[Lion Tamarin]

Method Painting
Artist [Anonymous]
Published c. 1900
Dimensions Sheet and image 147 x 205 mm
Notes A Meiji Era painting of a tamarin monkey attacking a woman, her toppled bucket in the background. The artist Kobayashi Eitaku (1843-1890) created a series of twelve shunga paintings called Nikuhitsu shunga makimonocreateda depcting animals and women. In these painting all of the animals are of enormous size and they may be representations of the Japanese Zodiac. This painting is a copy in reverse of the image of the lion tamarin in Eitaku's series in a different style.
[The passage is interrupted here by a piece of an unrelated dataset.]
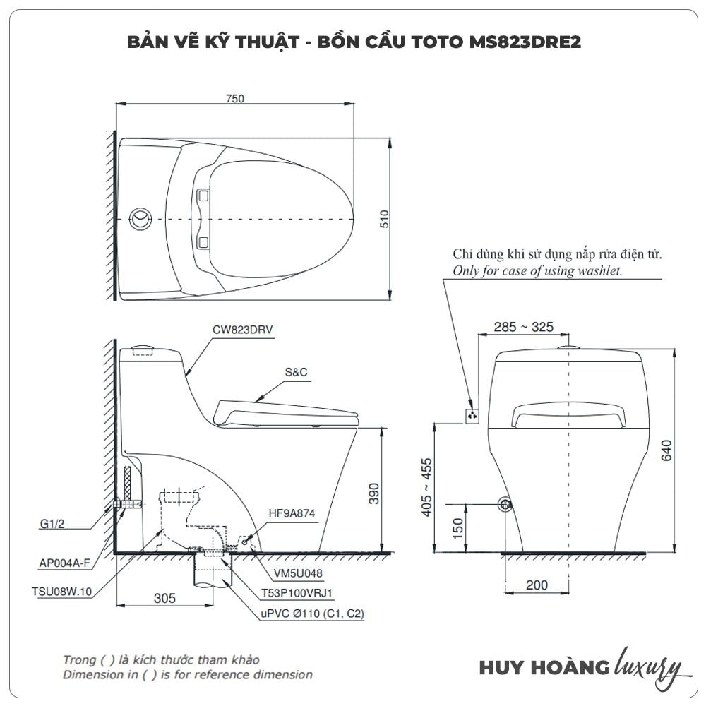 Thông tin sản phẩm: Bồn cầu nắp rửa cơ TOTO MS823DRE2 (Nắp TCW1211A)

The Meiji Era marked the end of the Shoganate, the restoration of the Imperial Family, and the full opening of Japan to the West. As Japan opened it the the Meiji administration sought to bring Japanese societal practices in line with Western standards of morality. These factors had several affects on Meiji shunga output. As Japanese society became more western tastes changed at the same time that artists began to be school in Western styles. Ukiyo-e printmakers no longer produced any prints, but shunga was still being made through the end of the 19th century and into the twentieth. This material was still being produced using deluxe printing methods, but it was stylistically simpler and more often produced as suits of prints and painting rather than in than in book format.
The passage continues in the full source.